Em menos de um ano à frente da instituição, a dupla de gestores conseguiu alcançar importantes conquistas, como a autonomia financeira, o Plano de Cargos, Carreiras e Remuneração (PCCR) dos servidores e o fim da lista tríplice para os cargos de reitor e vice-reitor. A autonomia financeira era uma pauta histórica da comunidade acadêmica, que durante décadas foi perseguida pela instituição. Com a conquista da autonomia, foi possível conquistar também os PCCRs dos servidores docentes e técnicos administrativos. O fim da lista tríplice era uma pauta mais recente, mas não menos importante. Decorrente da luta pela democracia, a pauta garante que a partir de agora, a decisão da comunidade acadêmica, em escolher as pessoas que irão conduzir a universidade, seja respeitada. Para o vicereitor, essas conquistas são resultados de muitas mãos ao longo da história, no entanto, não se pode negar o papel decisivo da atual gestão para que esses objetivos fossem atingidos.

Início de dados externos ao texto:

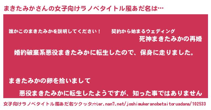 | 胡散臭い通販商品みたいなあだ名 | 『必ず成功する霊験あらたかなお札…その名も「まきたみか」』 |

“Essas conquistas têm muitas mãos. Cada um, à sua maneira, colocou um tijolinho lá, mas foi graças à nossa dedicação, ao nosso empenho ao assumir, a nossa boa relação com o governo, que essa conquista foi acelerada e alcançada. Existe um mérito muito grande da nossa gestão e eu não tenho vergonha nenhuma em dizer isso. Obviamente a gente pegou muita coisa pronta, mas o pé no acelerador quem colocou fomos nós”.
Além da área de atuação, a Ciência da Computação, Chico e Cicília têm em comum o perfil de cada vez mais buscar incansavelmente trabalhar pela instituição e construir caminhos através do diálogo em defesa da universidade e, principalmente, o amor pela instituição. Para os próximos três anos, alguns desafios se apresentam, como a adequação da estrutura física, da estrutura tecnológica, a recomposição do quadro de pessoal, o fortalecimento da pesquisa, do ensino e da extensão, da internacionalização, da universidade como uma instituição inclusiva e includente, para tornar a Uern cada vez mais competitiva no cenário nacional. Para esses e outros desafios, Chico diz: “Estou pronto!”
“A educação me colocou de pé, é por ela que eu tenho que lutar. É esse o meu objetivo: lutar e trabalhar cada vez mais em prol de uma educação pública e gratuita ainda mais transformadora e de investimentos, essenciais para manutenção de sua qualidade. Desta forma, aqueles e aquelas que ainda estão por vir, talvez seguindo um caminho parecido com o meu, terão as mesmas oportunidades”.
Olhando para sua trajetória, para o pequeno Chico que percorria todos os dias 18km a pé para estudar, o professor, doutor, pesquisador, gestor Chico Dantas tem algumas palavras que podem servir de inspiração para muitas pessoas: “O Chico lá de trás, por muitas vezes, teve vontade de desistir. Sempre que eu saía de casa, mamãe ficava na porta. É uma imagem muito viva e, por vezes, querendo o aconchego do lar e da família, pensei em desistir. Hoje, eu diria a ele que seguisse sem medo, que no final as coisas dariam certo”.